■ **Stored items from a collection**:
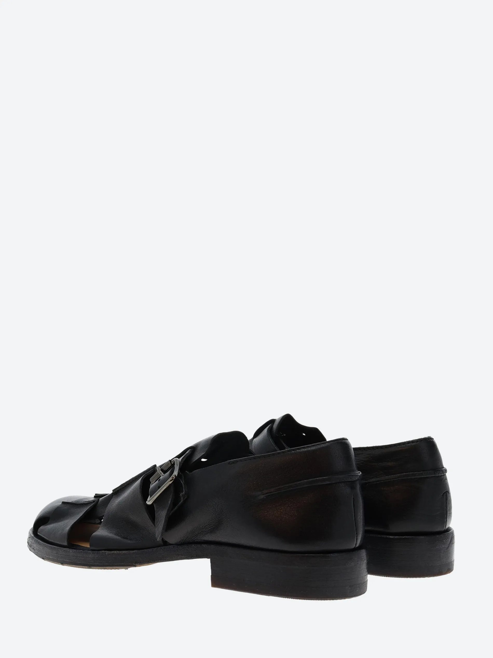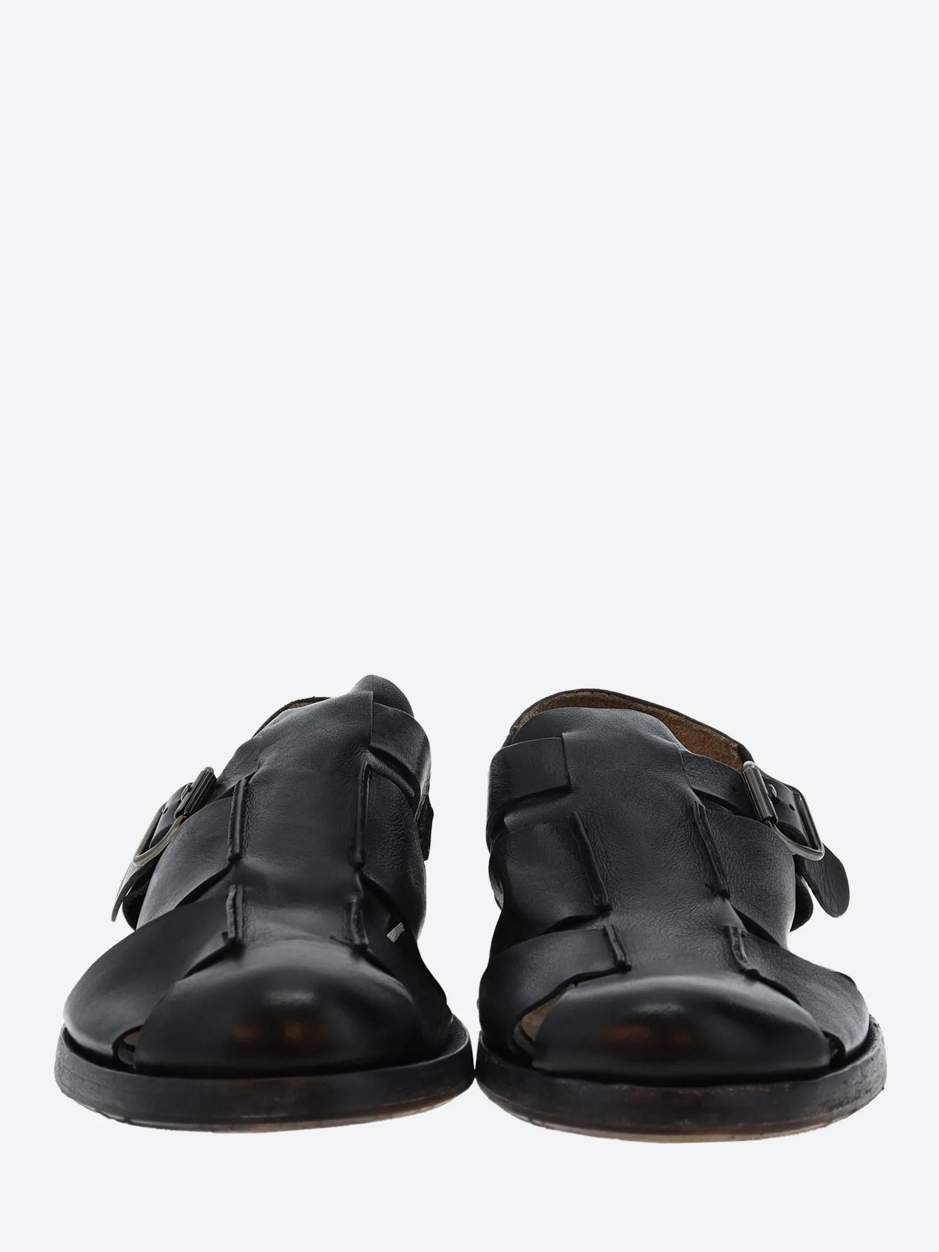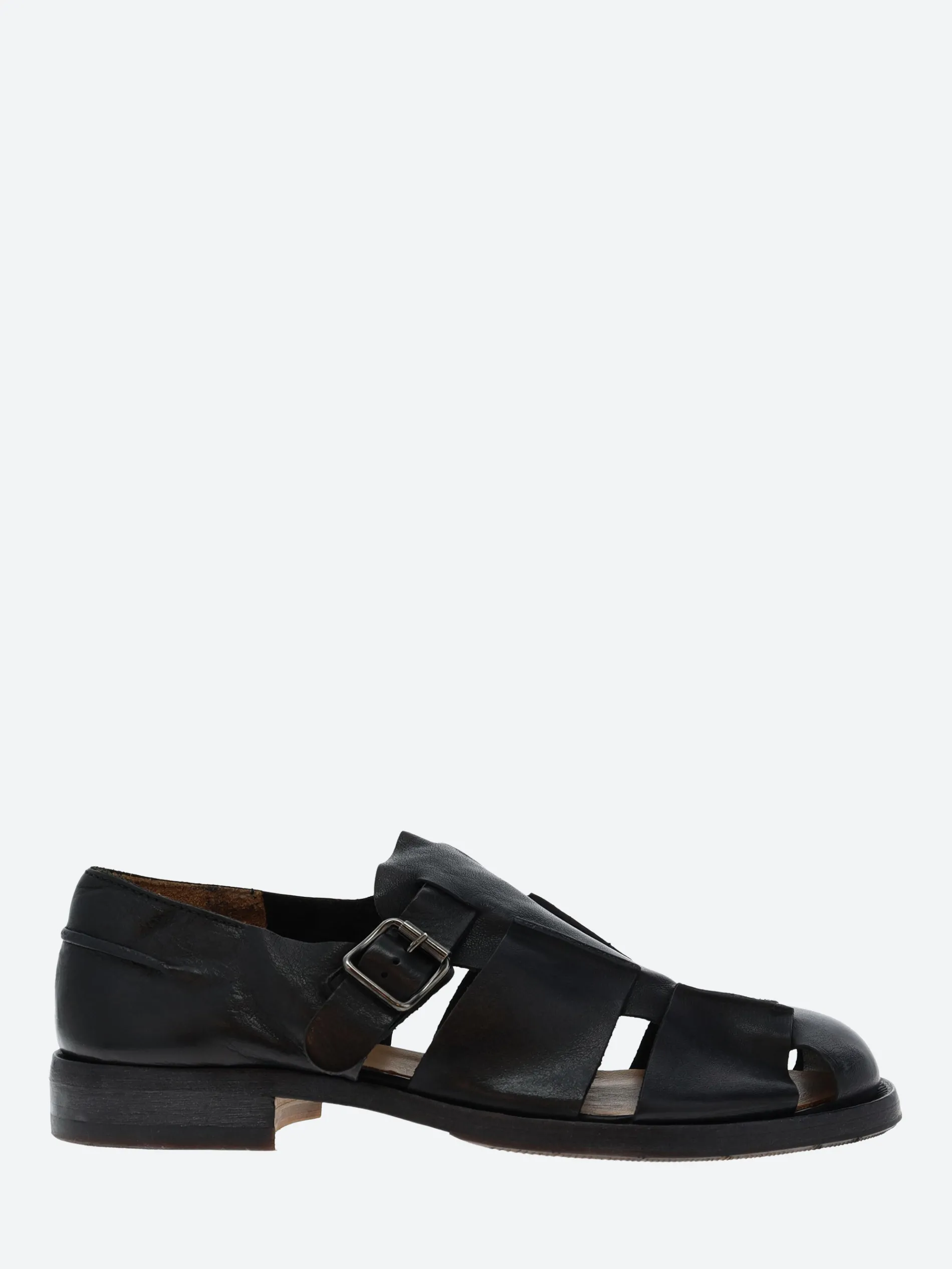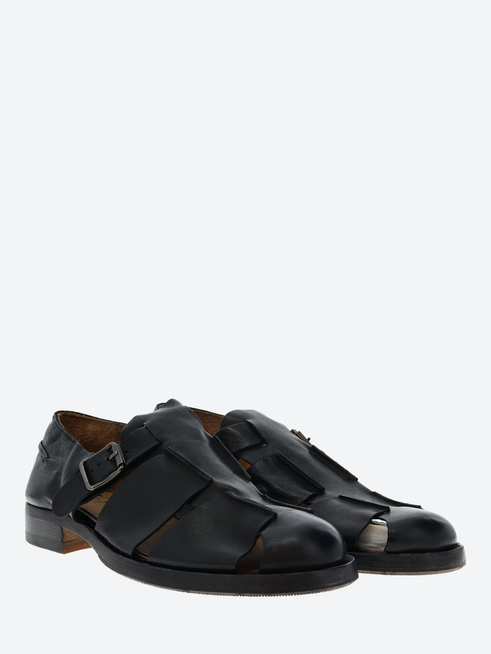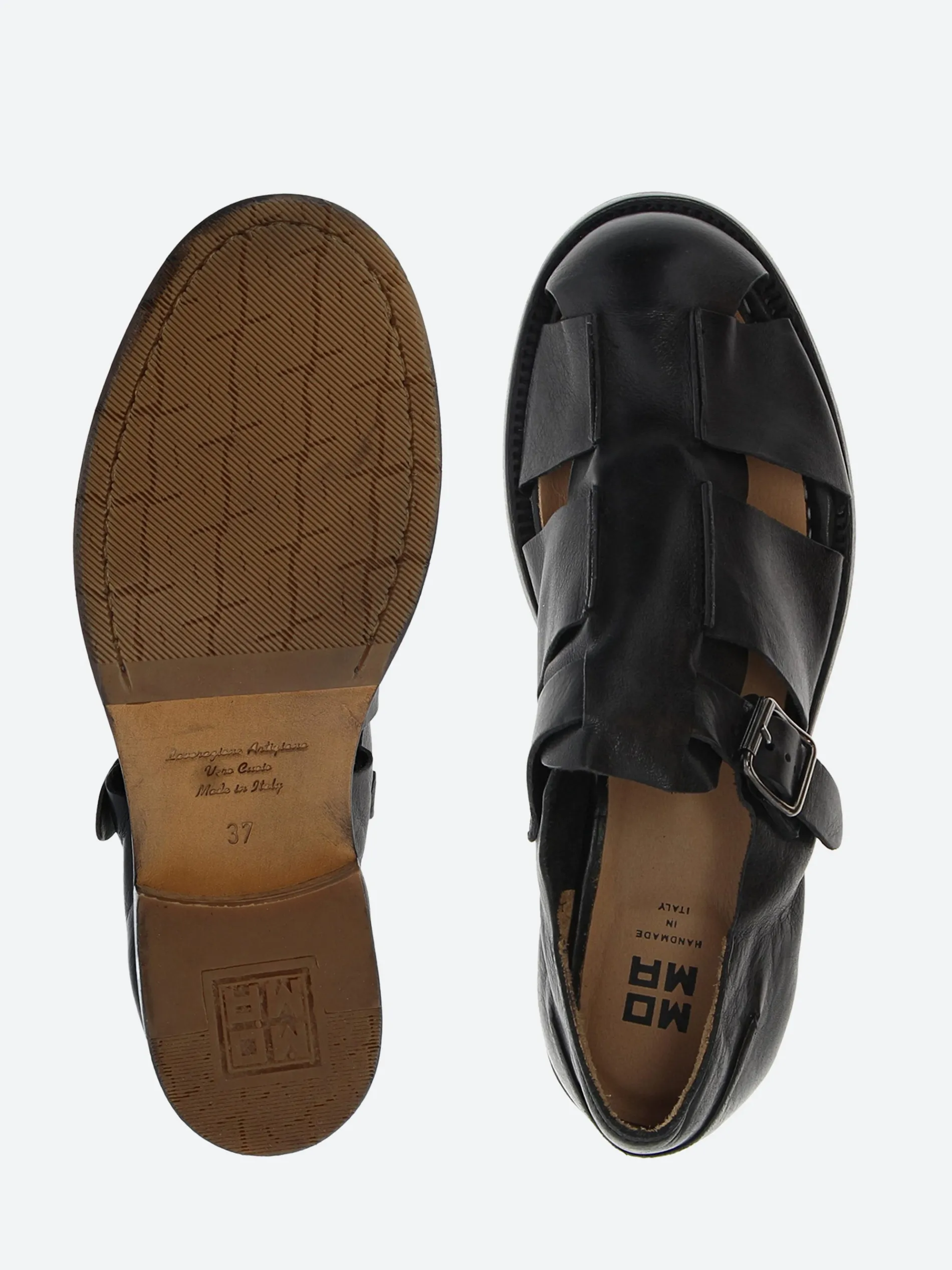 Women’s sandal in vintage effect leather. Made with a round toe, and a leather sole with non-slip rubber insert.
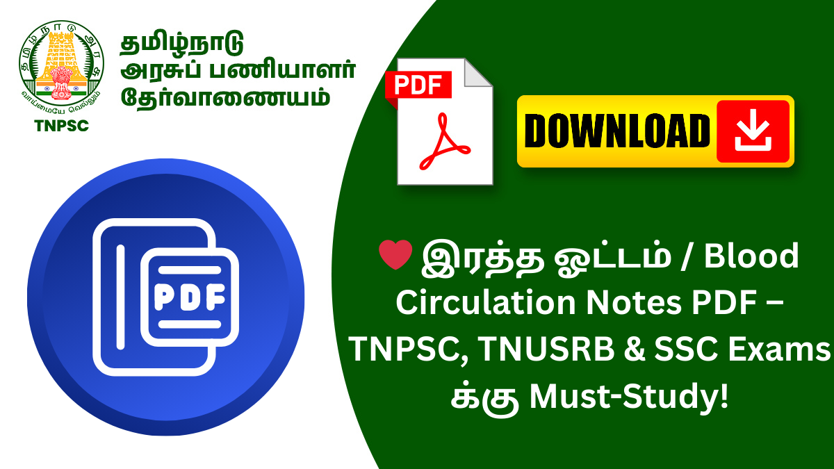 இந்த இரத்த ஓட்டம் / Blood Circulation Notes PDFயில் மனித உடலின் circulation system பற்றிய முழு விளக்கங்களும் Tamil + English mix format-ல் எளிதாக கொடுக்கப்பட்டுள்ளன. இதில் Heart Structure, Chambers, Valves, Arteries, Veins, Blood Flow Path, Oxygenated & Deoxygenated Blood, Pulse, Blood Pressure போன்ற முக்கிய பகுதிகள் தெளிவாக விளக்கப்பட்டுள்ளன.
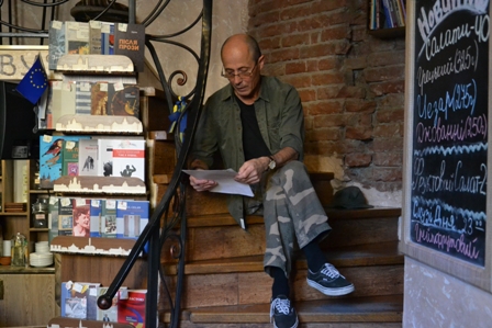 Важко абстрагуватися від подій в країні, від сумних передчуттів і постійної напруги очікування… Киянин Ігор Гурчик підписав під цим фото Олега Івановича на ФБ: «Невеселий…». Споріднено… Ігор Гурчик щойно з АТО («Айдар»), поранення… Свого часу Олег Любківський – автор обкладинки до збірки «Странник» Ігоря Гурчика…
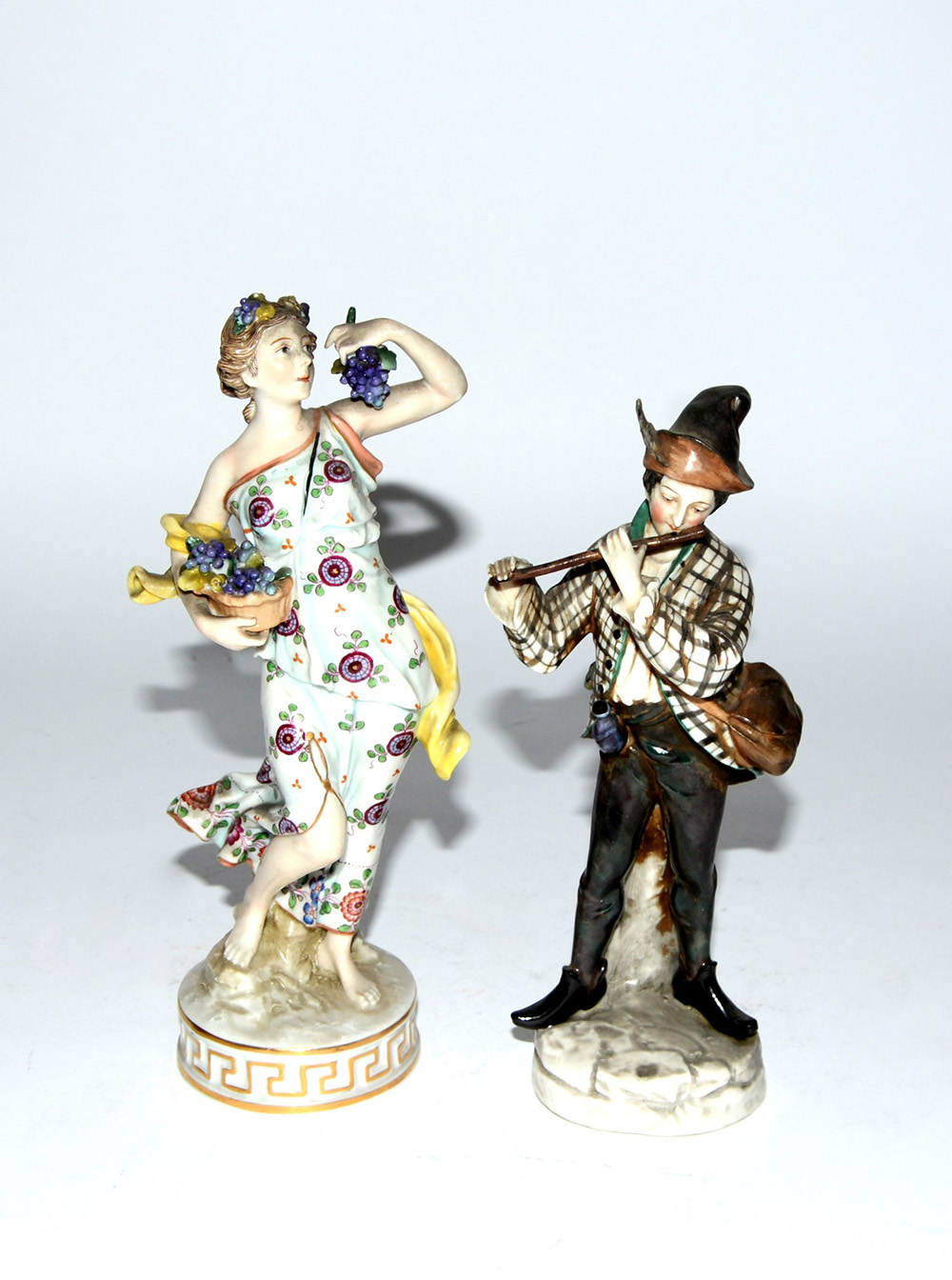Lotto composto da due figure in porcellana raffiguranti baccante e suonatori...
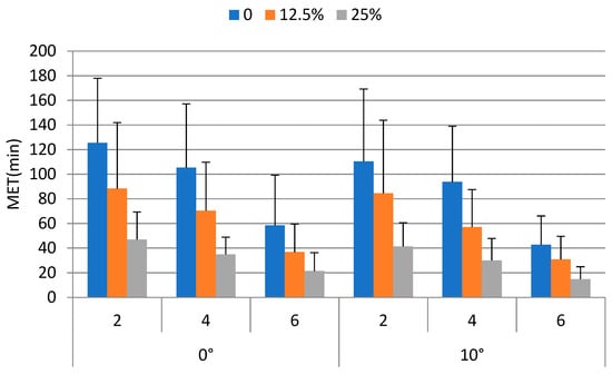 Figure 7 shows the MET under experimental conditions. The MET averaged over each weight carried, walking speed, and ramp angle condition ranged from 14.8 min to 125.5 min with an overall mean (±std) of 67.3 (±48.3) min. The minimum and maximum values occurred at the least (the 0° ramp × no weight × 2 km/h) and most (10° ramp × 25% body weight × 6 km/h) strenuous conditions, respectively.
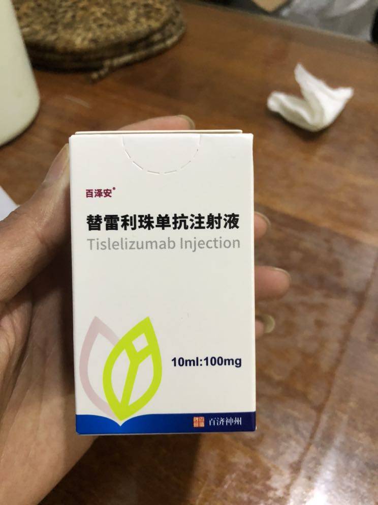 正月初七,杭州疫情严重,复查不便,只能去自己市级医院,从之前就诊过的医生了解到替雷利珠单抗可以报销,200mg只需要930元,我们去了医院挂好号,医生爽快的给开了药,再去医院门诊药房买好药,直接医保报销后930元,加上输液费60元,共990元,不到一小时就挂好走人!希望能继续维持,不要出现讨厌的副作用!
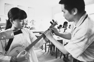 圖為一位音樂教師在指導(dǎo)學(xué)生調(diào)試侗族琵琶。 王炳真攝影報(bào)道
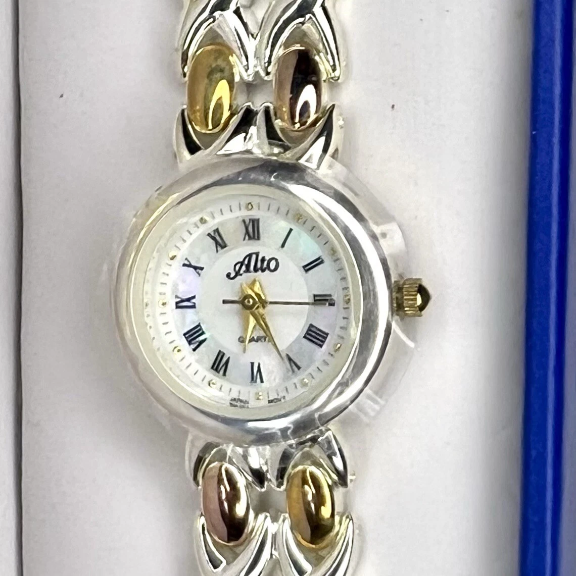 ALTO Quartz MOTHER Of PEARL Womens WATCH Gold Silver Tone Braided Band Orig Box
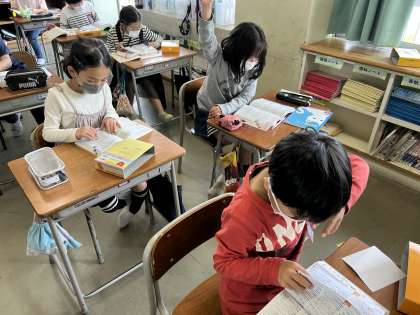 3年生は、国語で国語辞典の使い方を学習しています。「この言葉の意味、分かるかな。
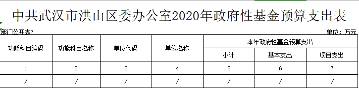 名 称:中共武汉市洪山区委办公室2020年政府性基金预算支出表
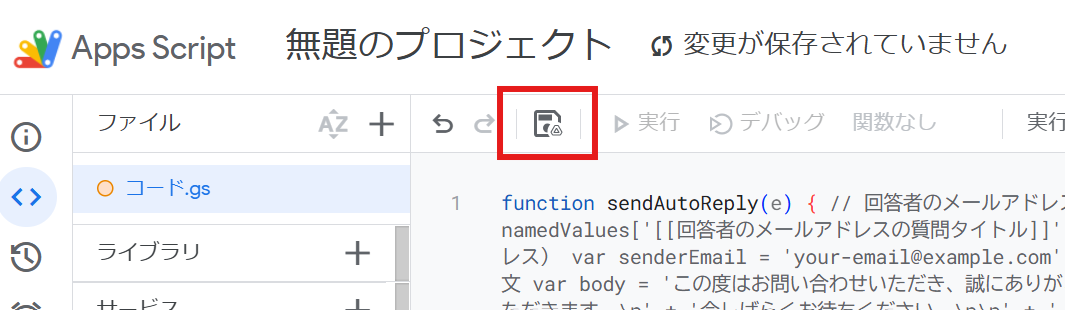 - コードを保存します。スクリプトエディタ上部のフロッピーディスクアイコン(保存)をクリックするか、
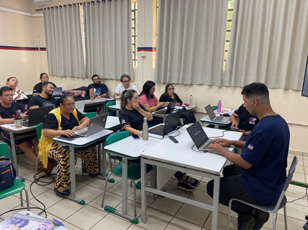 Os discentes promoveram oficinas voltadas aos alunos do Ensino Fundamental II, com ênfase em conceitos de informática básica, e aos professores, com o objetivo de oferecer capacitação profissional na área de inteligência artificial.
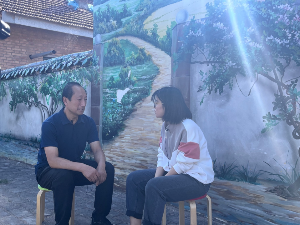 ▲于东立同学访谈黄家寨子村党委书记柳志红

■ **Task item**:
Repeat the data exactly as written, but without the pictures.

■ **Result for this task**:
 Women’s sandal in vintage effect leather. Made with a round toe, and a leather sole with non-slip rubber insert.
 இந்த இரத்த ஓட்டம் / Blood Circulation Notes PDFயில் மனித உடலின் circulation system பற்றிய முழு விளக்கங்களும் Tamil + English mix format-ல் எளிதாக கொடுக்கப்பட்டுள்ளன. இதில் Heart Structure, Chambers, Valves, Arteries, Veins, Blood Flow Path, Oxygenated & Deoxygenated Blood, Pulse, Blood Pressure போன்ற முக்கிய பகுதிகள் தெளிவாக விளக்கப்பட்டுள்ளன.
 Важко абстрагуватися від подій в країні, від сумних передчуттів і постійної напруги очікування… Киянин Ігор Гурчик підписав під цим фото Олега Івановича на ФБ: «Невеселий…». Споріднено… Ігор Гурчик щойно з АТО («Айдар»), поранення… Свого часу Олег Любківський – автор обкладинки до збірки «Странник» Ігоря Гурчика…
Lotto composto da due figure in porcellana raffiguranti baccante e suonatori...
 Figure 7 shows the MET under experimental conditions. The MET averaged over each weight carried, walking speed, and ramp angle condition ranged from 14.8 min to 125.5 min with an overall mean (±std) of 67.3 (±48.3) min. The minimum and maximum values occurred at the least (the 0° ramp × no weight × 2 km/h) and most (10° ramp × 25% body weight × 6 km/h) strenuous conditions, respectively.
 正月初七,杭州疫情严重,复查不便,只能去自己市级医院,从之前就诊过的医生了解到替雷利珠单抗可以报销,200mg只需要930元,我们去了医院挂好号,医生爽快的给开了药,再去医院门诊药房买好药,直接医保报销后930元,加上输液费60元,共990元,不到一小时就挂好走人!希望能继续维持,不要出现讨厌的副作用!
 圖為一位音樂教師在指導(dǎo)學(xué)生調(diào)試侗族琵琶。 王炳真攝影報(bào)道
 ALTO Quartz MOTHER Of PEARL Womens WATCH Gold Silver Tone Braided Band Orig Box
 3年生は、国語で国語辞典の使い方を学習しています。「この言葉の意味、分かるかな。
 名 称:中共武汉市洪山区委办公室2020年政府性基金预算支出表
 - コードを保存します。スクリプトエディタ上部のフロッピーディスクアイコン(保存)をクリックするか、
 Os discentes promoveram oficinas voltadas aos alunos do Ensino Fundamental II, com ênfase em conceitos de informática básica, e aos professores, com o objetivo de oferecer capacitação profissional na área de inteligência artificial.
 ▲于东立同学访谈黄家寨子村党委书记柳志红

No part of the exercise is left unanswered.